Então o leitor avança e, se for realmente uma obra
de fôlego, ele começará a resfolegar logo nas primeiras palavras que lhe darão
entrada ao enredo. Porque para reconhecer um bom artista basta uma simples
palavra sua, um som, um piscar de olhos. Depois segue-se, da parte do cético
leitor, aquela estranha sensação de autoengano e também alguma autopunição
libertadora; logo após o prazer cresce em cada avanço, em cada página, em cada
secção. Muda-se o quadro, agora é ele que se sente caçoado, rebaixado,
desdenhado, com o orgulho tolhido. Engole em seco, de arrependimento, mas
também e sobretudo pela sorte de estar a degustar uma boa obra literária.
Existe melhor terapia do que essa? Muitas vezes o escritor, primeiro subjugado,
agora pesca o leitor, acolhe-o no seu manto, deixa-o prostrado na seguinte
oração: «eu falo, é o falo!», escreve sorrindo, soltando um peido, «eu vomito
cidades, todas as vossas cidades de novos-ricos e novos-pobres», ousa o
escritor.
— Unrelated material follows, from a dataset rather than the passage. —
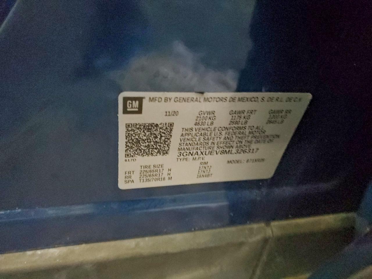 2021 CHEVROLET EQUINOX 2021 року Бензин, 1.5, Повний привід, vin - 3GNAXUEV8ML326317 з США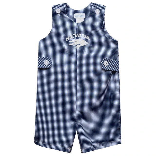 Infant Vive La Fete Navy Nevada Wolf Pack Gingham Jon Jon Romper

E o leitor pensa: micção/Mixinge/isso é felação, há muito que eu
andava a desconfiar de que as nossas cidades, e essa vaga de novos-ricos e
novos-pobres que só começaram a aparecer primeiro em 1975 e depois em 2002,
eram xixi e “dejetos fecais”. Mas o leitor não tem como abrir a boca, fica
preso à trama… uma leitura assim é eletrizante. Atua como íman, prende e faz
refém. Ele fica imerso na leitura, é absorvido, absolvido e convidado a adotar
posições kamasutrianas. Só quando
alcança as três ou duas páginas derradeiras, aquelas que desfecham o enredo, é
que se lembra de parar, de forma brusca, porque é chato constatar que se vai
terminar a leitura de um bom livro; e por isso finge, procurando prolongar, por
subterfúgios, o momentum. Numa
atitude de desespero, põe o marcador na página derradeira e devaneia: sopesa o
livro, sente-lhe o cheiro, o tato também, detém-se por mais tempo e com algum
respeito na leitura da biografia e na imagem do autor para lhe perscrutar as feições
e abstrair as emanações da sua personalidade… Um bom leitor não aprecia um
livro antes de saber do que este retrata.
Sempre tive medo de terminar a leitura de um bom
livro; deixa-me uma sensação de desamparo, de traição e de vazio absoluto. Um
bom livro é como o coitado do coito, seu fim nunca foi bem-vindo.
* “O Ocaso dos pirilampos” é título de um livro da autoria de Adriano
Mixinge, escritor angolano; vencedor do prémio Sagrada Esperança. Esse texto
foi inspirado pela leitura daquele livro.